About this exercise - An exact, complete copy of the entries is needed, with the pictures left out.

* * * * * * *

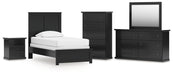 Maribel Twin Panel Bed with Mirrored Dresser, Chest and Nightstand
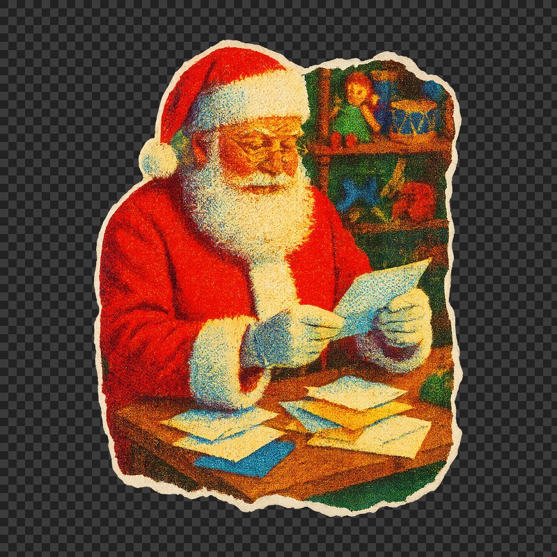 PNG Santa reading children's letters. https://www.rawpixel.com/image/22212828/png-santa-reading-childrens-lettersView license
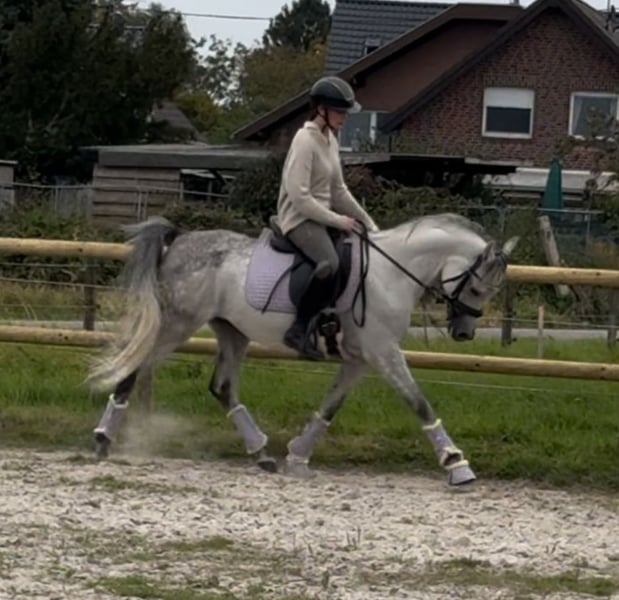 Traumhaft schöner Wallach mit netter Abstammung sucht ein neues Zuhause INSHA ELCAAN OX ist ein 5-jähriger, ca. 1,48 m großer Wallach, der nicht nur durch sein elegantes Erscheinungsbild überzeugt, sondern auch durch seinen verspielten und verschmusten Charakter. Er lässt sich sehr fein reiten, reagiert sensibel auf die Hilfen und zeigt besonders in der Dressur seine Stärke. Elcaan arbeitet motiviert mit, lernt schnell und bereitet seinem Reiter stets Freude. Auch im Gelände ist er absolut zuverlässig und geht problemlos alleine. Für Reitanfänger sowie Wiedereinsteiger ist er ebenfalls gut geeignet. Aktuell steht er im Stall, verbrachte jedoch den Sommer über 24/7 auf der Wiese. Mit anderen Pferden ist er sehr verträglich. Vorne ist er beschlagen. Seine Zähne wurden frisch gemacht und er wurde osteopathisch behandelt. Ein Pass mit Abstammung ist selbstverständlich vorhanden. Bei weiteren Fragen stehe ich Ihnen gerne zur Verfügung. Liebe Grüße
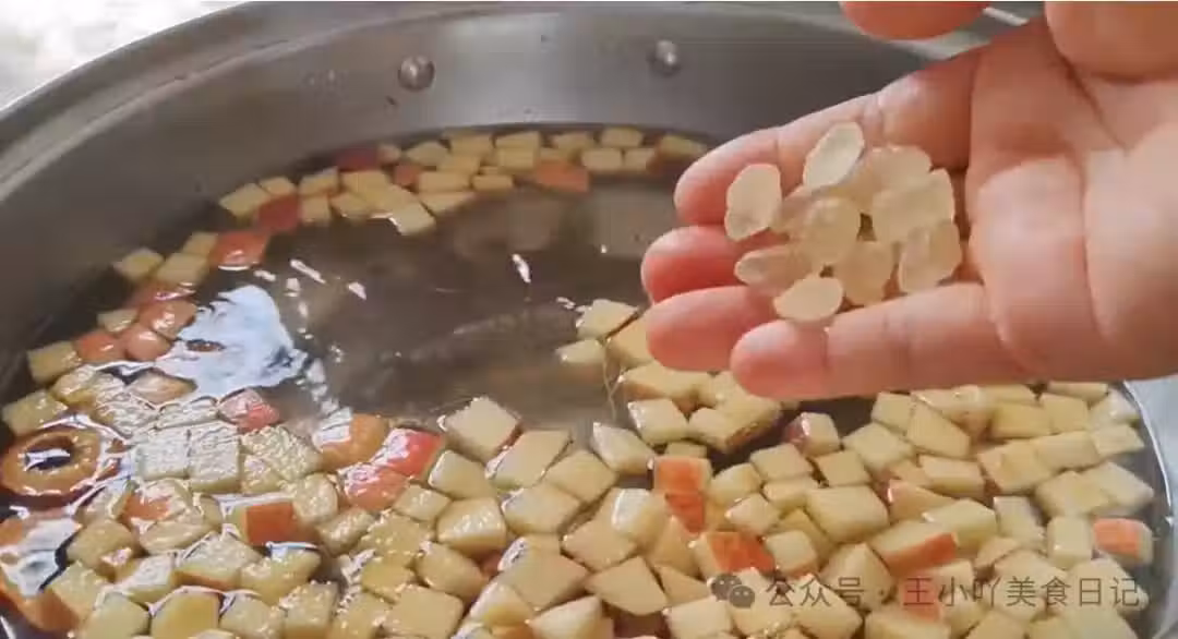 然後,將準備好的蘋果丁和山楂倒入鍋中,加入適量的冰糖(根據個人口味調整),用勺子攪拌均勻。蓋上蓋子,繼續用小火煮10分鐘,讓蘋果和山楂的營養成分充分釋放,煮至蘋果和山楂熟透。
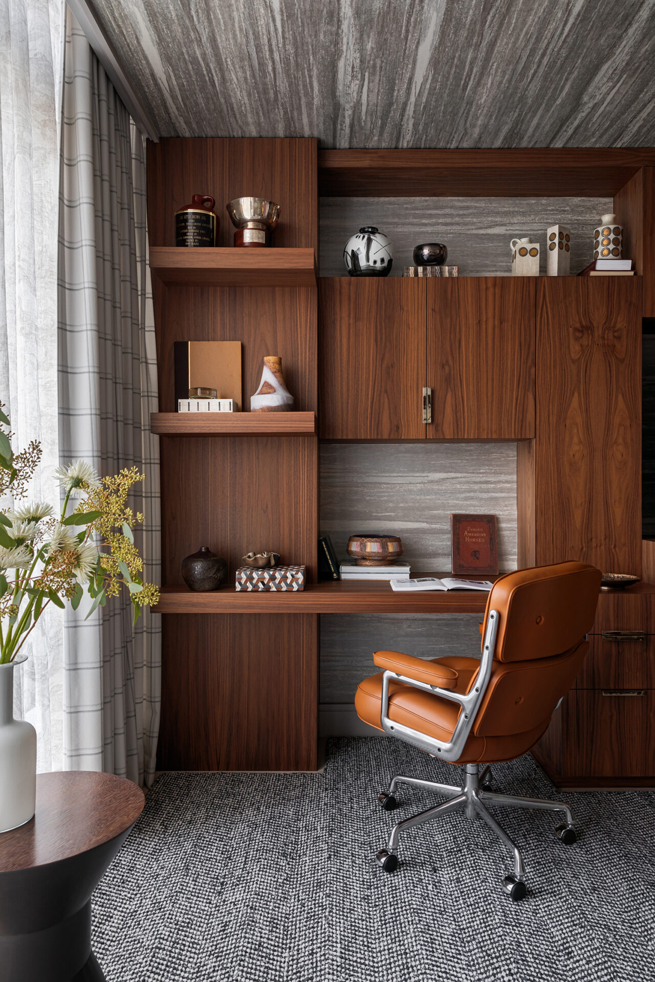 Contrast is one of my most trusted tools for defining zones and creating visual depth. In a compact home office, deep-toned wood built-ins ground the room, while a wallpapered ceiling introduces movement and lightness above. The striations in the wallcovering echo the natural grain of the wood, creating cohesion without visual clutter.
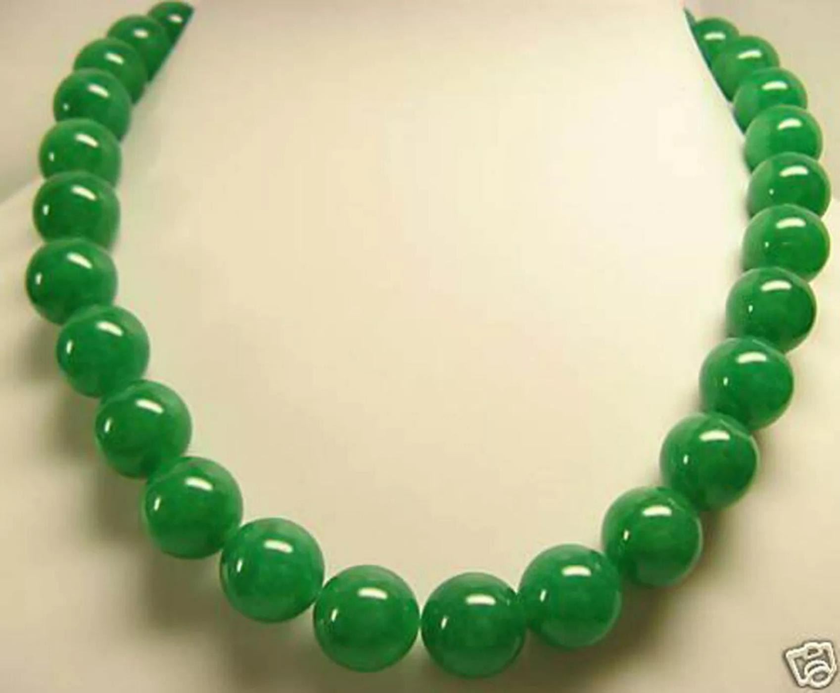 Green jade Quartz Necklace.....12 MM Beads...18 inch length
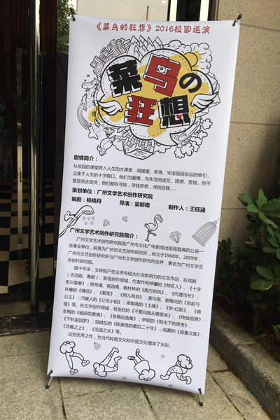 Театральное собрание в центре города, где состоялась премьера любовной драмы ”Фантазии новичка”, поставленной в театре Феникса группы "Бигуиюань". Чжоу Синг, Жужу и Сонгбаоли рассказали о своих мечтах в классе, когда они были маленькими. Когда они вырастают, они бегут по своей собственной колее, потому что судьба тянет их за собой, перекресток за перекрестком жизни. Здесь у них смятение, неразбериха, высокий моральный дух, но также и напряженная борьба, но, смеясь или плача, они ищут мечту и самих себя. Директор театрального объединения Perform unit Gathering of arts center Ван Юхан сказал: "Эта драма обоснована, связана с мечтами молодых людей, реальностью, борьбой, легко находит отклик у старшеклассников, студентов колледжей".;

* * * * * * *

Answer area -
 Maribel Twin Panel Bed with Mirrored Dresser, Chest and Nightstand
 PNG Santa reading children's letters. https://www.rawpixel.com/image/22212828/png-santa-reading-childrens-lettersView license
 Traumhaft schöner Wallach mit netter Abstammung sucht ein neues Zuhause INSHA ELCAAN OX ist ein 5-jähriger, ca. 1,48 m großer Wallach, der nicht nur durch sein elegantes Erscheinungsbild überzeugt, sondern auch durch seinen verspielten und verschmusten Charakter. Er lässt sich sehr fein reiten, reagiert sensibel auf die Hilfen und zeigt besonders in der Dressur seine Stärke. Elcaan arbeitet motiviert mit, lernt schnell und bereitet seinem Reiter stets Freude. Auch im Gelände ist er absolut zuverlässig und geht problemlos alleine. Für Reitanfänger sowie Wiedereinsteiger ist er ebenfalls gut geeignet. Aktuell steht er im Stall, verbrachte jedoch den Sommer über 24/7 auf der Wiese. Mit anderen Pferden ist er sehr verträglich. Vorne ist er beschlagen. Seine Zähne wurden frisch gemacht und er wurde osteopathisch behandelt. Ein Pass mit Abstammung ist selbstverständlich vorhanden. Bei weiteren Fragen stehe ich Ihnen gerne zur Verfügung. Liebe Grüße
 然後,將準備好的蘋果丁和山楂倒入鍋中,加入適量的冰糖(根據個人口味調整),用勺子攪拌均勻。蓋上蓋子,繼續用小火煮10分鐘,讓蘋果和山楂的營養成分充分釋放,煮至蘋果和山楂熟透。
 Contrast is one of my most trusted tools for defining zones and creating visual depth. In a compact home office, deep-toned wood built-ins ground the room, while a wallpapered ceiling introduces movement and lightness above. The striations in the wallcovering echo the natural grain of the wood, creating cohesion without visual clutter.
 Green jade Quartz Necklace.....12 MM Beads...18 inch length
 Театральное собрание в центре города, где состоялась премьера любовной драмы ”Фантазии новичка”, поставленной в театре Феникса группы "Бигуиюань". Чжоу Синг, Жужу и Сонгбаоли рассказали о своих мечтах в классе, когда они были маленькими. Когда они вырастают, они бегут по своей собственной колее, потому что судьба тянет их за собой, перекресток за перекрестком жизни. Здесь у них смятение, неразбериха, высокий моральный дух, но также и напряженная борьба, но, смеясь или плача, они ищут мечту и самих себя. Директор театрального объединения Perform unit Gathering of arts center Ван Юхан сказал: "Эта драма обоснована, связана с мечтами молодых людей, реальностью, борьбой, легко находит отклик у старшеклассников, студентов колледжей".;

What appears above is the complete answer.